Берфорд вернулся поздно, полный рассказов о крушении корабля, добыче и борьбе, из-за нее происходившей среди грабителей. Он говорил совершенно спокойным тоном о таких зверствах, которые приводили в совершеннейший ужас Анну, вполне осознававшую теперь, в каком разбойничьем гнезде она находилась. Рассказы эти перемешивались с разговором о голландских ценных бумагах и векселях, найденных в потерпевшем крушение ост-индском корабле, и как можно извлечь из них наибольшую выгоду. Баркли и Берфорд были так увлечены этими разговорами, что почти не обращали внимания на молодую девушку, и только когда она встала, чтобы уйти, Берфорд произнес что-то вроде извинения, что дела помешали ему съездить за священником. Он слышал, что Саламандра[30] был в замке и что красные кафтаны шныряли повсюду, так что если Анник будет готова к завтрему, они непременно должны отплыть. Если Пиля все еще одолевают сомнения, то католический поп окрутит их не хуже морского из Портсмута. Анна опять заперлась в своей комнате. Она чувствовала потное отчаяние, и ей оставалась только одна надежда на Того, Кто раньше вывел ее из чужой страны.
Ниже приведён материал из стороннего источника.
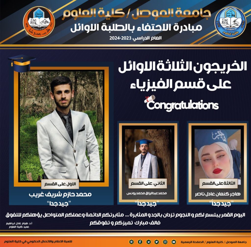 وبهذه المناسبة تتقدم أسرة كلية العلوم متمثلةً بالسيدة العميد الأستاذ الدكتورة (هيام عادل إبراهيم الطائي) المحترمة، بأجمل عبارات التهاني والتبريكات لطلبتنا المتفوقين والناجحين، متمنيةً لهم دوام النجاح والتفوق والعطاء.
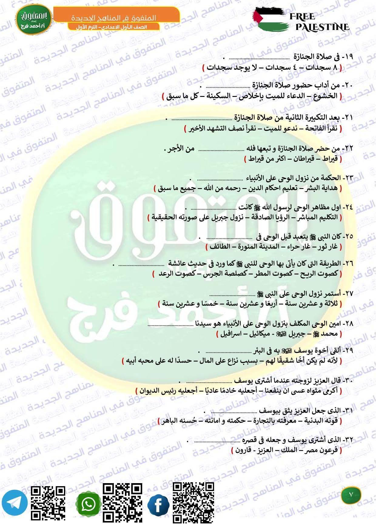 - التربية الاسلامية مراجعات نهائية الصف الأول الإعدادي

Звон стаканов и шум картежной игры раздавались далеко за полночь. Она только что задремала, как ее разбудил страшно испугавший ее легкий стук в дверь и тихий голос, звавший – «Геник». После того как бретонка подошла к двери, чрез которую проходил слабый свет, ей передали в руки фонарь и записку, заключавшую эти слова: «Обдумав все, я решил избавить от нового пугала родственных мне эльфов в Порчестере. Одевайтесь скорее, и я выведу вас отсюда».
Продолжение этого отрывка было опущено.